Problem
Fort Worth Fire Department, Oleander Library, and Dallas County request spatial data analysis given specified criteria. Fort Worth Fire Department requests multiple spatial data analyses of incident calls received during January and February 2015. Oleander Library requests spatial data analysis to determine areas of customer clustering. Dallas County requests spatial data analysis to determine where high and low median incomes are clustered.
Analysis Procedures
Data provided by Fort Worth Fire Department includes January and February 2015 incident calls (separate shapefiles), potential fire station sites, actual fire station sites, alarm territories, and battalion boundaries, as well as major roads in the Fort Worth area. Data provided by Oleander Library included library districts, patron locations, major roads, land records and an apartment complex shapefile. Data provided by Dallas County included census block data for the geographic area which included median income as an attribute and major roads for the area. In each case, data was added to ArcMap for analysis. The appropriate spatial analysis tools were run.

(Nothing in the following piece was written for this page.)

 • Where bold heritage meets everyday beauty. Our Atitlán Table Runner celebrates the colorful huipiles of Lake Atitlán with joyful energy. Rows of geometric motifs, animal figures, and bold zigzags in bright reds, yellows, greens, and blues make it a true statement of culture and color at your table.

When appropriate, results were analyzed for statistical significance. Maps were symbolized for visual display.
Fort Worth Fire Department:
In each case, as a first step, available data was added to ArcMap for analysis.

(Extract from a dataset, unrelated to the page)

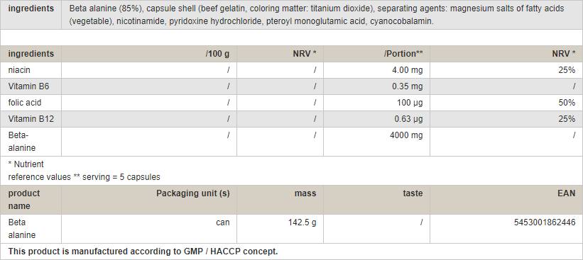 Beta Alanina ajută la umplerea optimă a rezervelor de carnozină din mușchi. Depozitele de carnozină bine umplute, la rândul lor, optimizează performanța anaerobă (rezistența musculară) prin limitarea saturației cu acizi a mușchilor (carnozina este un tampon de pH) și, conform ultimelor cercetări, activează enzimele ATPază miofibrilare, responsabile de intensitatea contracțiilor musculare. Pe lângă faptul că îmbunătățește semnificativ rezistența musculară după doar câteva zile, Beta Alanine are proprietăți antioxidante excelente, ajută la hidratarea țesuturilor (prin sinteza de oxid nitric) și este considerată un nutrient cu efecte anti-îmbătrânire versatile.
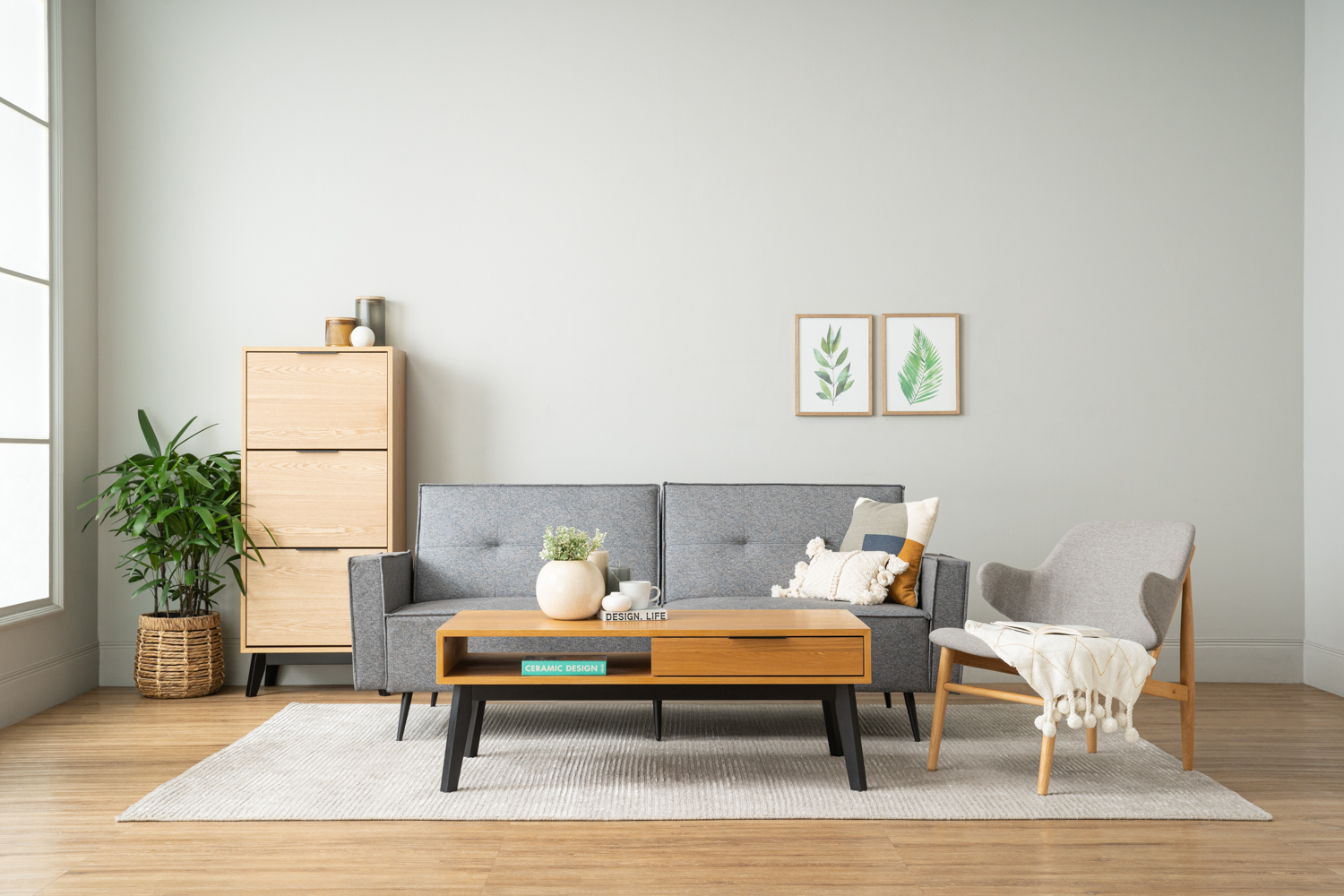 Vezel lounge chair in Natural colour frame with Dolphin colour Dimity fabric cushion

- To determine if false alarms cluster in Battalion 2, I set a query to define the appropriate calls for analysis (false alarms) and then ran the Average Nearest Neighbor tool using February 2015 incident calls. I reviewed the graphed results of the analysis and determined whether there was statistically significant clustering. I symbolized the map for visual display.
- To determine if there was clustering of high priority calls, I first prepared by using the Calculate Distance Band from Neighbor Count tool to determine the average distance needed for the spatial data analysis tool. I used this distance in the High/Low Clustering (Getis-Ord General G) tool to determine high priority call clustering using January 2015 incident calls. I repeated the use of the tool at incremental distances to determine peak Z-score and statistical significance. I symbolized the map for visual display.

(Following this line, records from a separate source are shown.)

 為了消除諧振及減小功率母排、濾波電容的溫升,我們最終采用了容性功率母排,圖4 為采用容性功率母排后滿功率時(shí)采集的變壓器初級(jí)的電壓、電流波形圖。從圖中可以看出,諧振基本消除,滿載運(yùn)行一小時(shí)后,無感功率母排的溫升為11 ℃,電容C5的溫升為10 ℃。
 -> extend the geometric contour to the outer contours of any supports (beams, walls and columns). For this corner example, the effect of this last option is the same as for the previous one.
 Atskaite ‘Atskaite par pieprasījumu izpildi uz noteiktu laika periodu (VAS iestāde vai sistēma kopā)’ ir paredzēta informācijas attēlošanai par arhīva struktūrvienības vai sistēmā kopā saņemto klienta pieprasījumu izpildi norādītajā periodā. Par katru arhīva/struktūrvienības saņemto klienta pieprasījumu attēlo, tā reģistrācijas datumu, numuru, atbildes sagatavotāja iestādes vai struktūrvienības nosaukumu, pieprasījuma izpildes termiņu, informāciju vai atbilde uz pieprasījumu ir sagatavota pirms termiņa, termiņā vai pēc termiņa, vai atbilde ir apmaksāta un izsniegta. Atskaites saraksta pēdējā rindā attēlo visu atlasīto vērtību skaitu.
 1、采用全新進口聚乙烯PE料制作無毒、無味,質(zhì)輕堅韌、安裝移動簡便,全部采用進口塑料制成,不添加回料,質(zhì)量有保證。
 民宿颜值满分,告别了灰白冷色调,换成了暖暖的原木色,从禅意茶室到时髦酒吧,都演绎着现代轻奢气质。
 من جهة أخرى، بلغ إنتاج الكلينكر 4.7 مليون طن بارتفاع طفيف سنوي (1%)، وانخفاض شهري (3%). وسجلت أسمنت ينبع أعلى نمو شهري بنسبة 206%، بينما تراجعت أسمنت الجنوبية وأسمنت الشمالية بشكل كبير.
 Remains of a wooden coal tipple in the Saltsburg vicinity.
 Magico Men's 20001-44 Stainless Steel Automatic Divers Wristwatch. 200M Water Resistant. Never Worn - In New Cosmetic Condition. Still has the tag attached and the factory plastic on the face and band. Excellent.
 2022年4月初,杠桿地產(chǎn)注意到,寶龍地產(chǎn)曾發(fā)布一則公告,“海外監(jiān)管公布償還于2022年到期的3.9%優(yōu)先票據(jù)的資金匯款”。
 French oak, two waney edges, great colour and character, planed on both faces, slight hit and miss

- To determine if there was clustering of high priority calls at multiple distances, I used the Multi-Distance Spatial Cluster Analysis tool to obtain a Ripley’s K Function output for January 2015 incident calls. I then graphed the difference between the observed and expected Ripley’s K values to identify the peak value (largest difference) and the related distance. I then reran the Multi-Distance Spatial Cluster Analysis tool to include a confidence envelope. I graphed the difference in Ripley’s K values (observed - upper confidence envelope) to determine distance of maximum clustering. I symbolized the map for visual display.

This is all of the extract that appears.